Autoimmune hemolytic anemia (AIHA) is a group of acquired autoimmune disorders characterized by red blood cell hemolysis. In a phase 2, open-label, multicenter study, adults with warm AIHA, cold agglutinin disease, or mixed-type AIHA were administered once-daily 1.0 or 2.5 mg parsaclisib (selective phosphoinositide 3-kinase δ inhibitor) orally for 12 weeks, followed by an extension period. Dose increases (for AIHA worsening) or decreases (for tolerability) were permitted. Primary efficacy endpoint was the proportion of patients with complete (≥12 g/dL hemoglobin [Hgb]) or partial (10–12 g/dL Hgb or ≥2 g/dL increase from baseline) response at any visit during weeks 6–12 not attributable to transfusion.

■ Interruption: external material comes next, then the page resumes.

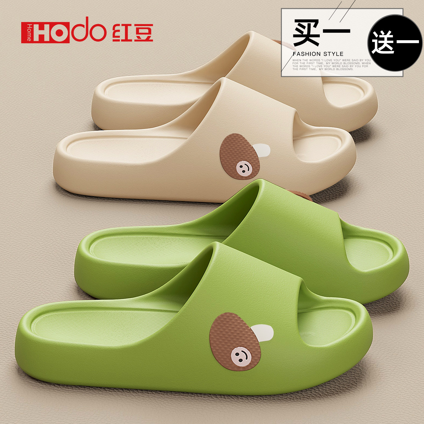 红豆买1送1可爱拖鞋女款2026新款室内家居防滑软底情侣拖鞋一对男

Among 25 enrolled patients (median age, 63 y), 16 (64%) achieved a partial or complete Hgb response during weeks 6–12. Responses were observed by week 1 in 52.0% of patients with incremental improvements during weeks 6–12 and sustained responses during the extension period. Responses were higher among patients with warm AIHA versus other types (75.0% vs. 44.4%). Clinically meaningful improvements in Functional Assessment of Chronic Illness Therapy-Fatigue scores were observed at weeks 6 and 12. All patients had treatment-emergent adverse events (TEAEs), most commonly diarrhea (32.0%) and pyrexia (28.0%). Grade ≥3 TEAEs occurred in 13 patients (52.0%). TEAEs considered possibly related to treatment occurred in 11 patients (44.0%). No dose reductions were required; six patients (24%) discontinued for a TEAE. In summary, parsaclisib was well tolerated and resulted in substantial improvements in Hgb response at week 1, with durable responses through the extension period.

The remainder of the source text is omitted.